Data for this exercise:
"""

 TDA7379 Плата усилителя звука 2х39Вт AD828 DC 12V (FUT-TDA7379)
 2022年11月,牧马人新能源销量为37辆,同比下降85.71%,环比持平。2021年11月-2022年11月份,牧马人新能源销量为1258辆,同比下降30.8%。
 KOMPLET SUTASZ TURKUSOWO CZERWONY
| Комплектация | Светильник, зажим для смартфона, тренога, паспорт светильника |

"""
"""

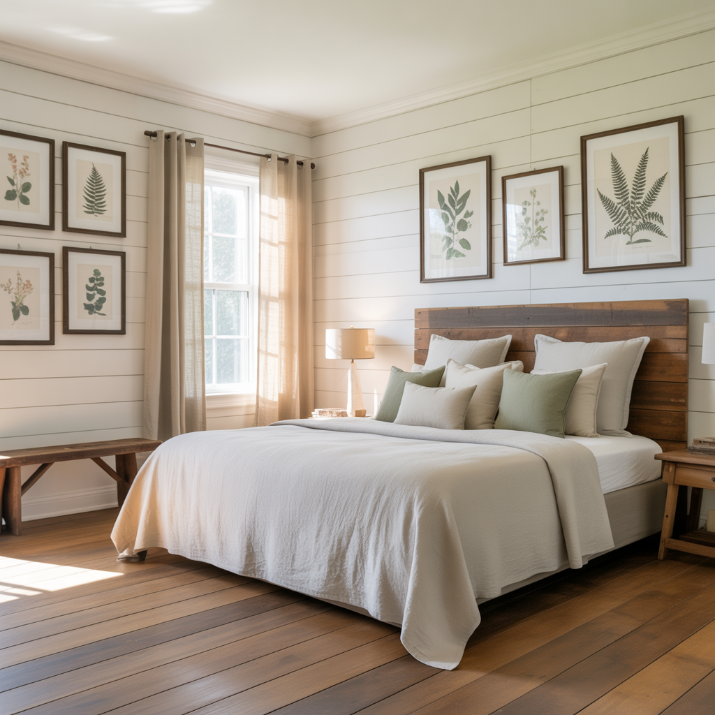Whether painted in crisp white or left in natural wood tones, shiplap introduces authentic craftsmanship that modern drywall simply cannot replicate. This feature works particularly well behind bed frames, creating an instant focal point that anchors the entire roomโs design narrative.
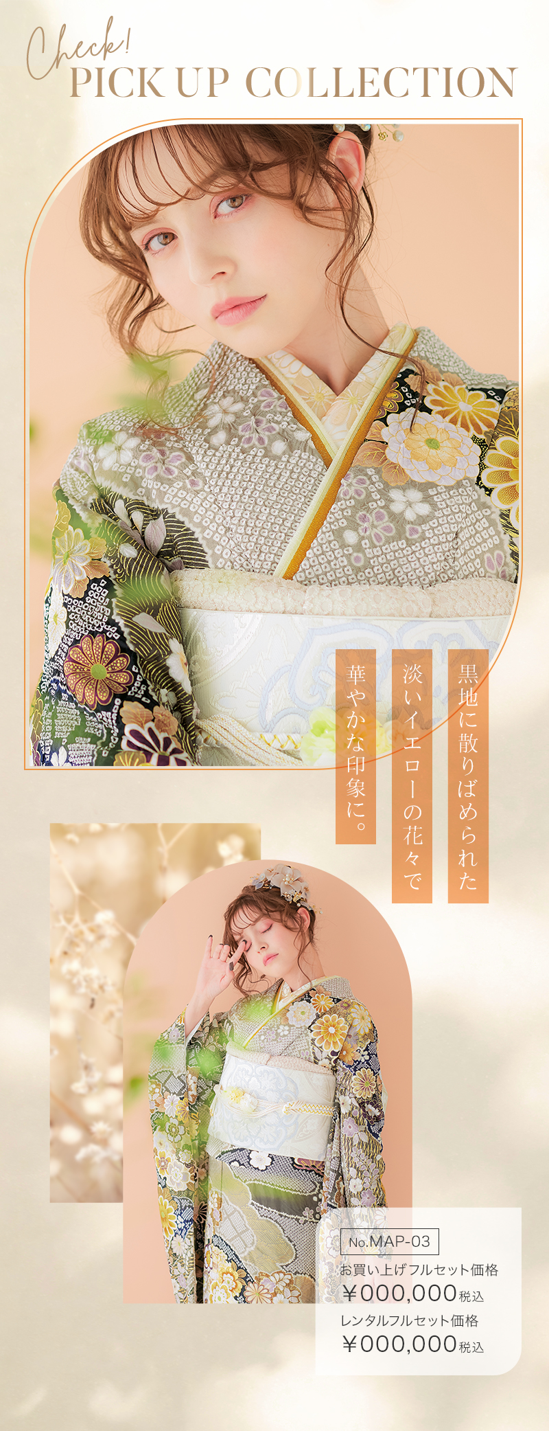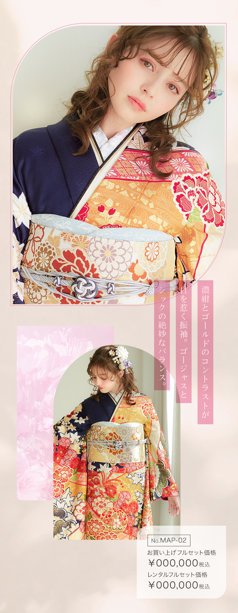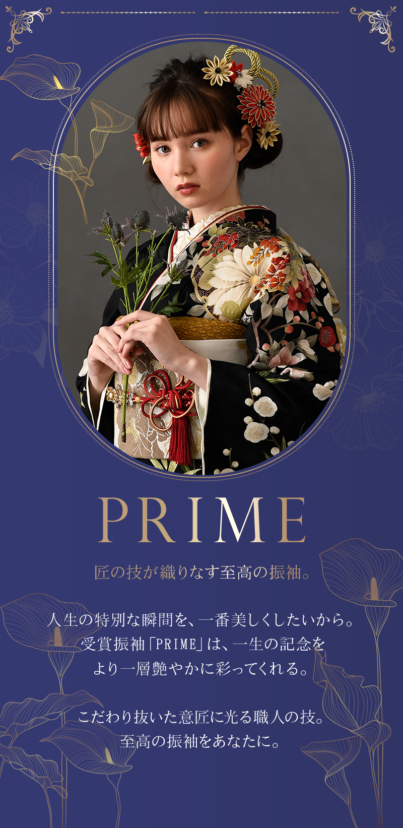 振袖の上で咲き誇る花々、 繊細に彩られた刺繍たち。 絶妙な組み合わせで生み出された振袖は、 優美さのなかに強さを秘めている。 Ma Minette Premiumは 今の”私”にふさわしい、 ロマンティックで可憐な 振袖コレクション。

"""

Repeat exactly the lines of the listing above, from the one with "TDA7379 Плата усилителя" down to the one with "паспорт светильника |"; both of those lines belong in the range.

Response:
 TDA7379 Плата усилителя звука 2х39Вт AD828 DC 12V (FUT-TDA7379)
 2022年11月,牧马人新能源销量为37辆,同比下降85.71%,环比持平。2021年11月-2022年11月份,牧马人新能源销量为1258辆,同比下降30.8%。
 KOMPLET SUTASZ TURKUSOWO CZERWONY
| Комплектация | Светильник, зажим для смартфона, тренога, паспорт светильника |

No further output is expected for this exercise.